“In Germany, there are few more powerful symbols of the country’s economic woes than the decline of VW – Germany’s ‘sickness’ unnerves Europe”
At the heart of Germany’s biggest carmaker, Volkswagen, politicians have long been able to prevent the worst. Apparently, they can no longer, comments Politico, speaking of a “bloodbath” of the German industry.
As Volkswagen threatens to close German factories for the first time in its 87-year history, politicians who have for decades protected workers from mass layoffs are scrambling to find answers amid growing labor frustration and the threat of mass strikes.
“As time goes on, we also realize that a lot of people are really angry that this is happening,” said Thorsten Groeger, chief negotiator for IG Metall, Germany’s largest labor union.
Groger said “warning strikes” would be held before Dec. 9 ahead of the next round of cost-cutting negotiations with management, and threatened much more sweeping action if talks do not go well. “There is the possibility of larger-scale action in the industry,” he explained. “We’re prepared for it.”
The challenges come at a time when the German government is unable to act after the collapse of the three-party coalition earlier this month. It could be several months before Germany has a new government, as negotiations between the parties could last long after the February 23 election. Even then, the country’s constitutional “debt brake,” which limits spending, is likely to limit the new coalition’s “firepower.”
“In Germany, the combination of bad economic news and political paralysis is fueling anger
In Germany there are few more powerful symbols of the country’s growing economic woes than the decline of VW. Amid plummeting profits, flat sales in Europe and a collapse in the key Chinese market, the automaker announced late last month that it plans to close factories on German soil.
Early investments in electric car technology have been plagued by delays and high costs, leaving VW behind US rival Tesla and China’s BYD. If US President-elect Donald Trump now carries out his threat to impose tariffs on European imports, it will further worsen the already difficult situation for German factory workers.
VW’s problems are a parable for German industry more broadly, with manufacturers across the country hemorrhaging jobs. The steady pace of bad economic news got louder this week as steelmaker Thyssenkrupp announced it could shed up to 11,000 jobs by 2030.
But the problems in the automotive sector will hit Germany particularly hard. The industry is responsible for 11 percent of manufacturing jobs in Germany, with the crisis spilling over to the auto giants’ suppliers. Bosch has announced it is cutting 3,500 jobs. ZF Friedrichshafen is considering laying off at least 12,000 employees by 2030. Continental wants to cut 5,500 jobs worldwide.
Germany’s “sickness” is roiling Europe at a time when France, the EU’s second-largest economy, faces its own escalating turmoil. There, far-right leader Marine Le Pen is threatening to topple the country’s fragile coalition government by voting against Prime Minister Michel Barnier’s budget – a move that will send fear into financial markets.
In Germany, the combination of bad economic news and political paralysis is fueling anger ahead of a planned snap election on February 23. This anger is particularly likely to affect Chancellor Olaf Solz’s Social Democratic Party (SPD), which is already facing dismal poll numbers.
Lower Saxony, where VW is based, remains an SPD stronghold and the party is inextricably linked to the car industry.
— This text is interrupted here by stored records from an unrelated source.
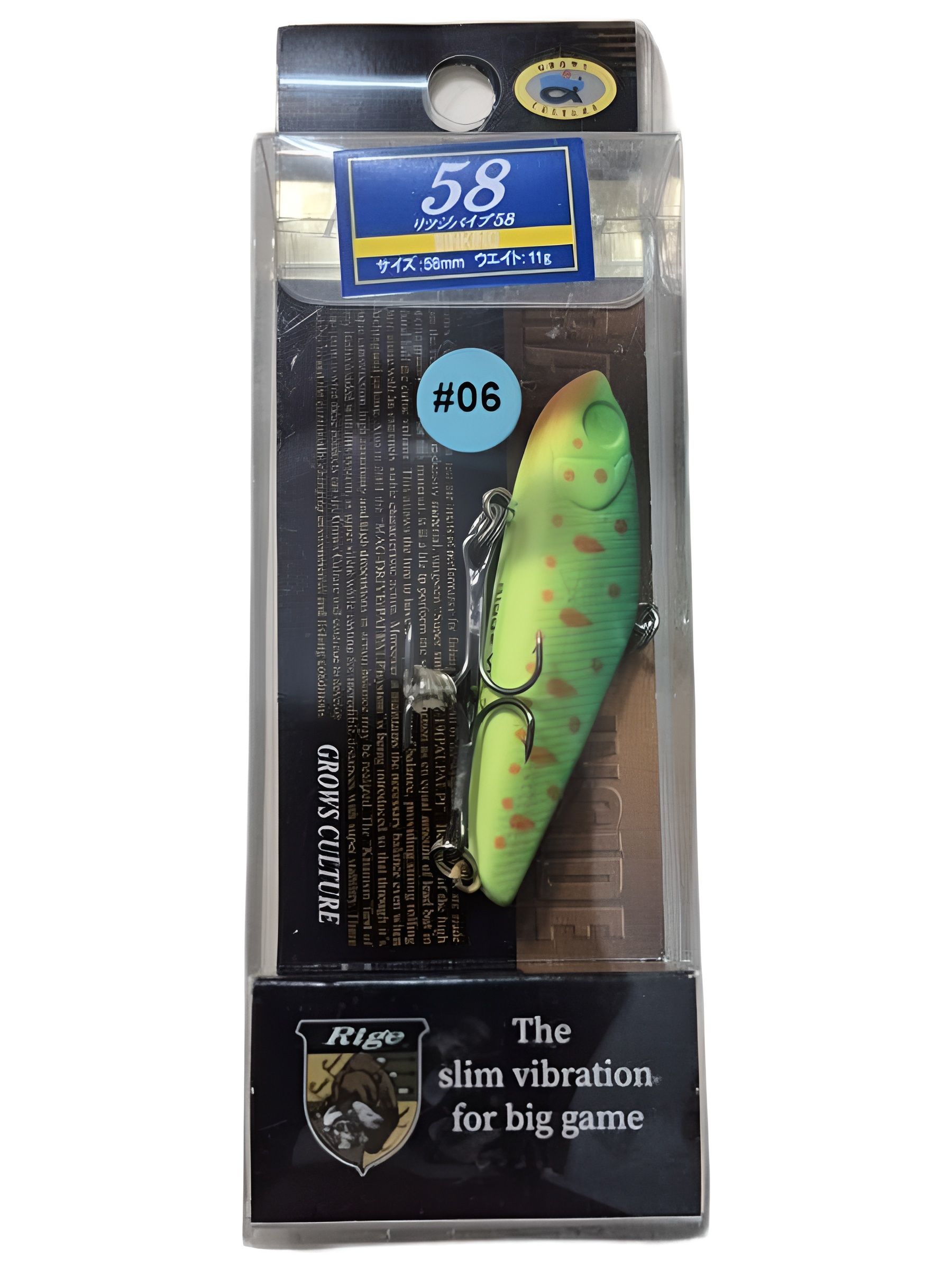 Раттлин GROWS CULTURE RIGGE VIB 58 — универсальная приманка для ловли хищных рыб, таких как форель, окунь, щука и судак. Его масса в 11 грамм обеспечивает глубокое погружение и стабильную игру, идеально подходящую для активного поведения крупной рыбы. Компактная форма и лёгкий вес делают его удобным для транспортировки и длительных рыбацких экспедиций.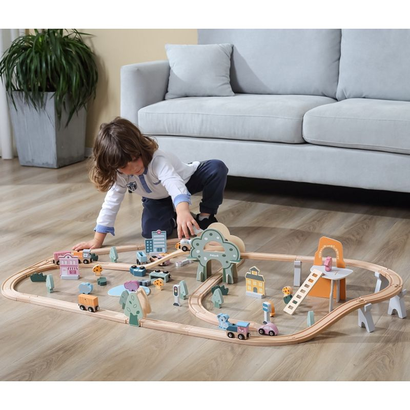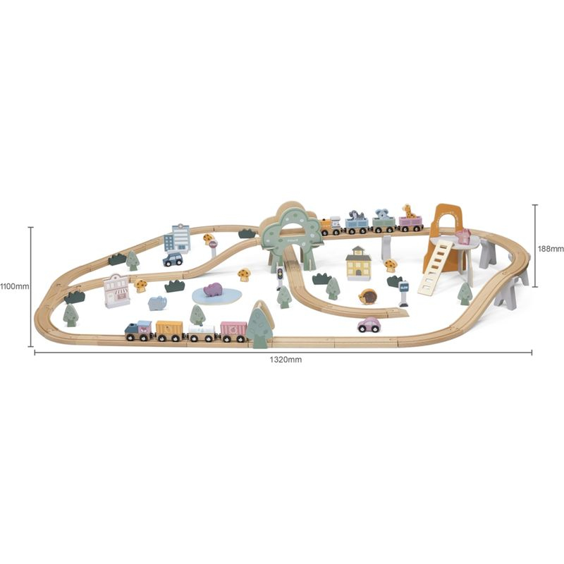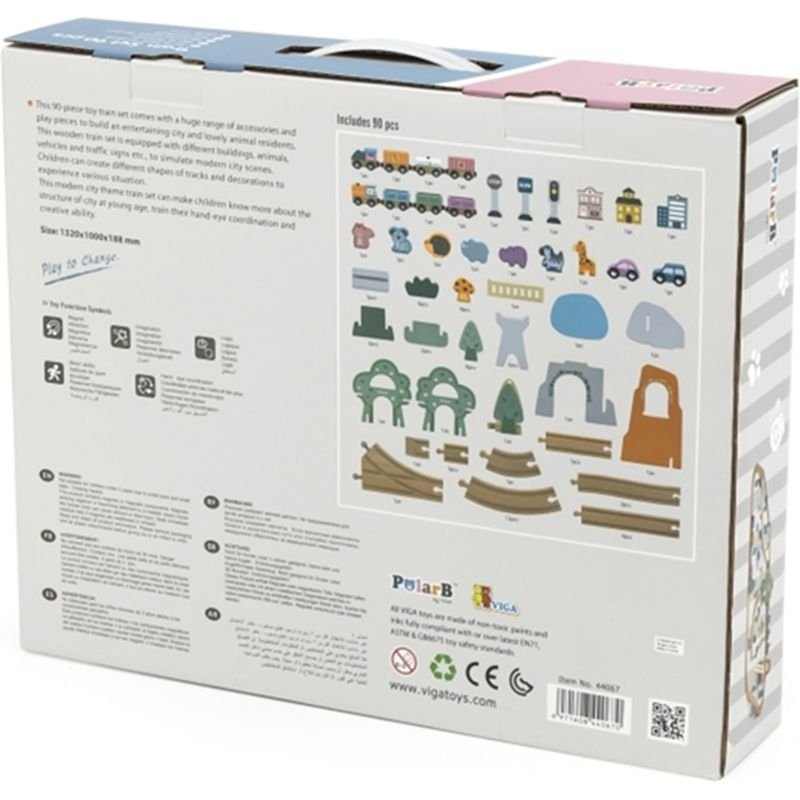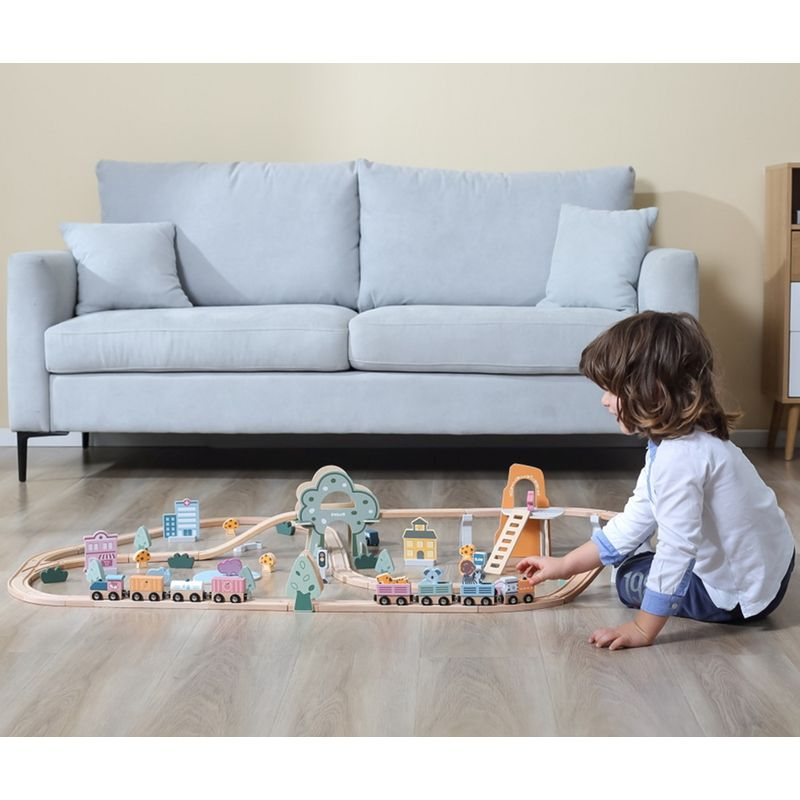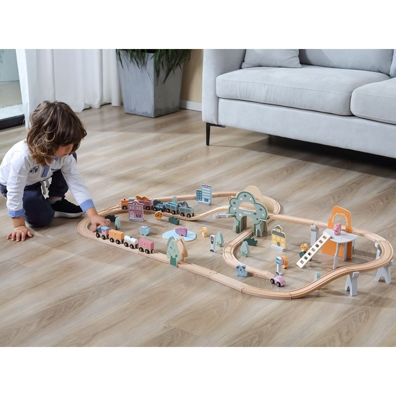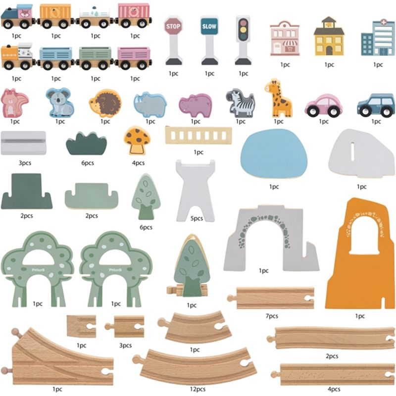 Dráhu lze postavit pokaždé jinak a možno kombinovat i s jinými stavebnicemi na trhu. Zapojte svou představivost a vydejte se s vláčkem na nekonečně dlouhé dobrodružné výlety kamkoli Vás Vaše fantazie zavede.Tato 90dílná sada vláčků obsahuje širokou škálu doplňků a herních figurek k vybudování zábavného města s krásnými zvířecími obyvateli. Dřevěná hračka je vybavena různými budovami, zvířaty, vozidly a dopravními značkami, aby simulovala moderní městské scény. Děti mohou vytvářet různé tvary drah a dekorací, aby si vyzkoušely různé situace. Díky této moderní vlakové soupravě s tématikou města mohou děti vědět více o struktuře města v mladém věku, trénovat jejich koordinaci ruka-oko a kreativní schopnosti.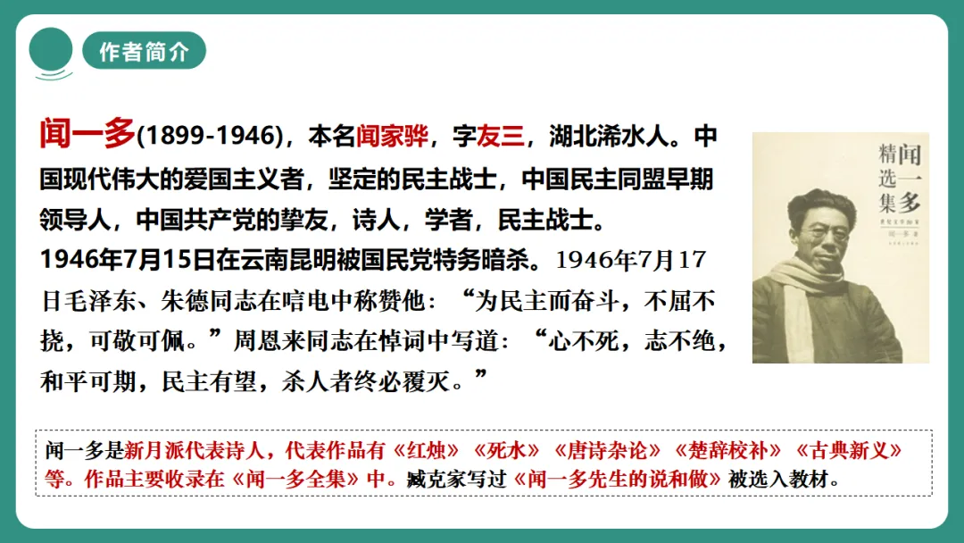 1.了解闻一多的生平、创作及作为民主战士的主要事迹。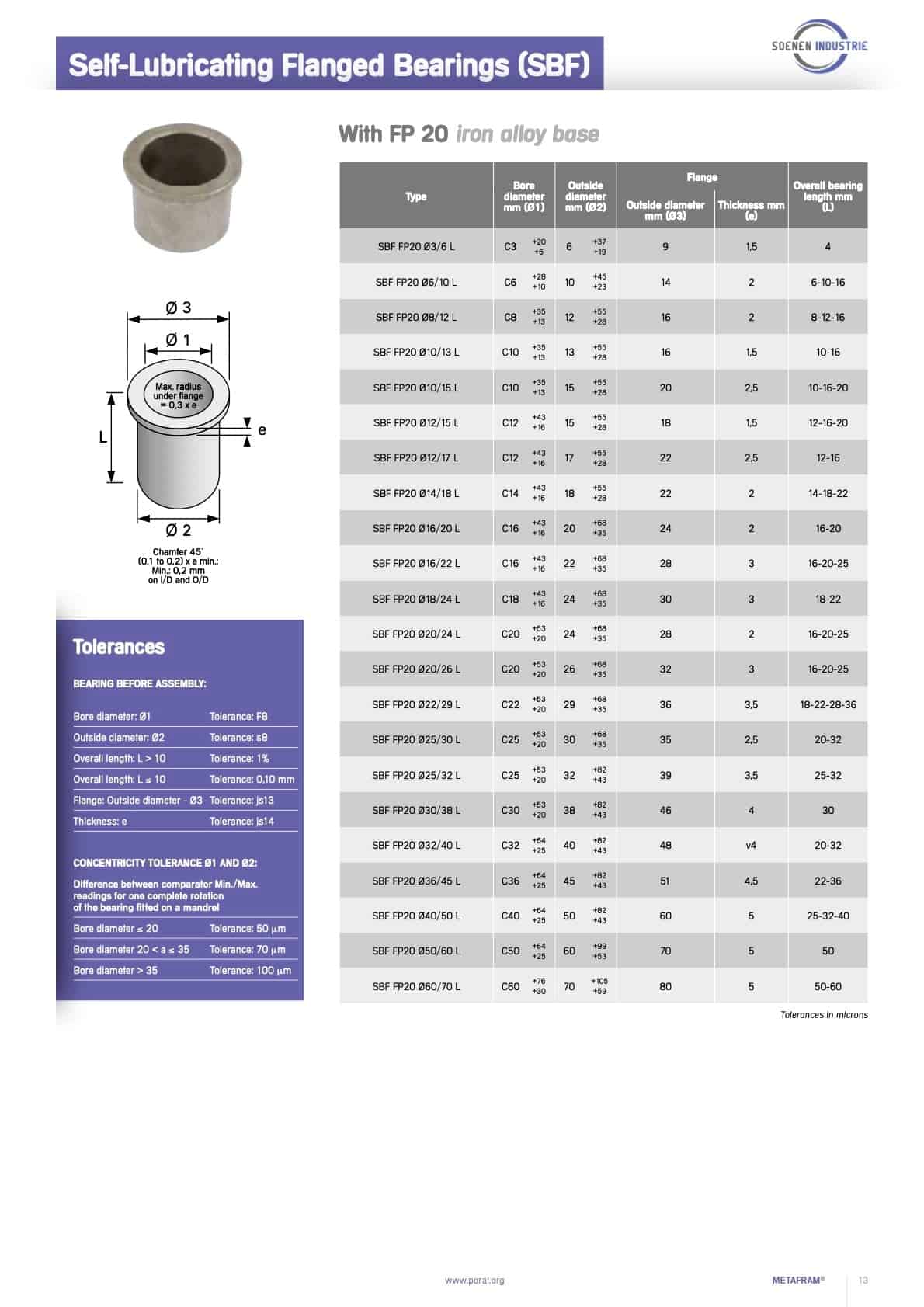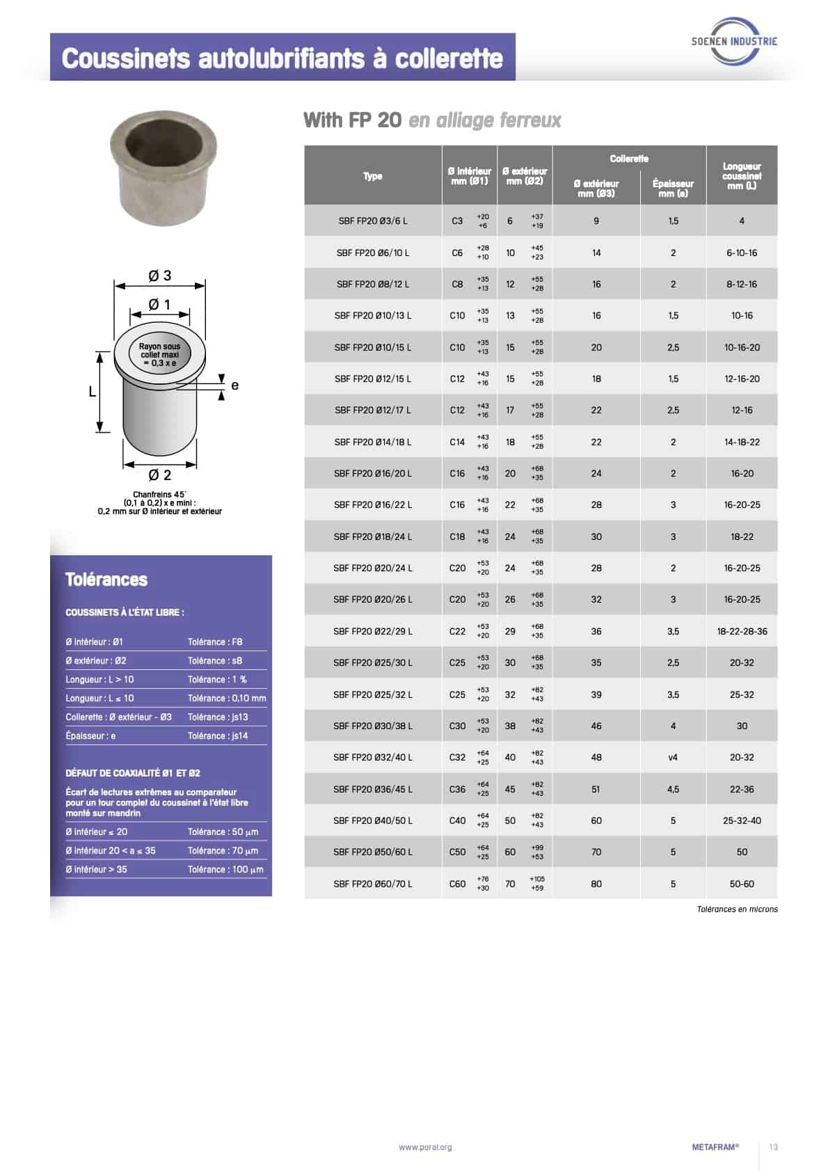 Collerette Intégrée : Les coussinets à collerette FP20 METAFRAM ® sont équipés d'une collerette intégrée pour un montage facile et sécurisé, assurant une installation rapide et sans problème.

The state owns a 20 percent stake in VW, and the state premier, SPD politician Stefan Weil, sits on the board.
“With the support of the state, VW has become a large and globally successful company over the past 75 years,” Weil said in an interview with the German newspaper Süddeutsche Zeitung. It would be unwise, he added, to “dismantle the expensive structures” built to produce electric cars.
“The challenges are deeper and greater than we may have recognized
His proposed solutions are well known: He wants to restore federal subsidies for electric car purchases or create tax incentives for consumers. The SPD — along with the Greens — wants to revitalize energy-intensive German industry more broadly by lowering energy prices through subsidies.
The question is whether such moves—even if politicians could agree to them—would be enough, given the massive structural problems facing Germany.
As Russia’s war in Ukraine and rising protectionism fundamentally alter the global trade that has served as the basis for Germany’s export model, German policymakers are facing an unpleasant truth: The tactical tools at their disposal may not be enough.
“The challenges are deeper and bigger than we have perhaps recognized in the debates and policy decisions of recent years,” Greens Economy Minister Robert Hambeck admitted at an industry summit on Tuesday.
Ahead of an election in which the far-right Alternative for Germany (AfD) party is in second place, the mainstream parties will likely have to reckon with an intensifying voter backlash.
“The question of how to solve the situation at Volkswagen is an example of how we solve the future problems of the industry as a whole,” stressed chief negotiator Groger. The urgency of the situation, he added, requires “concrete political action” and not “pretty campaign posters.”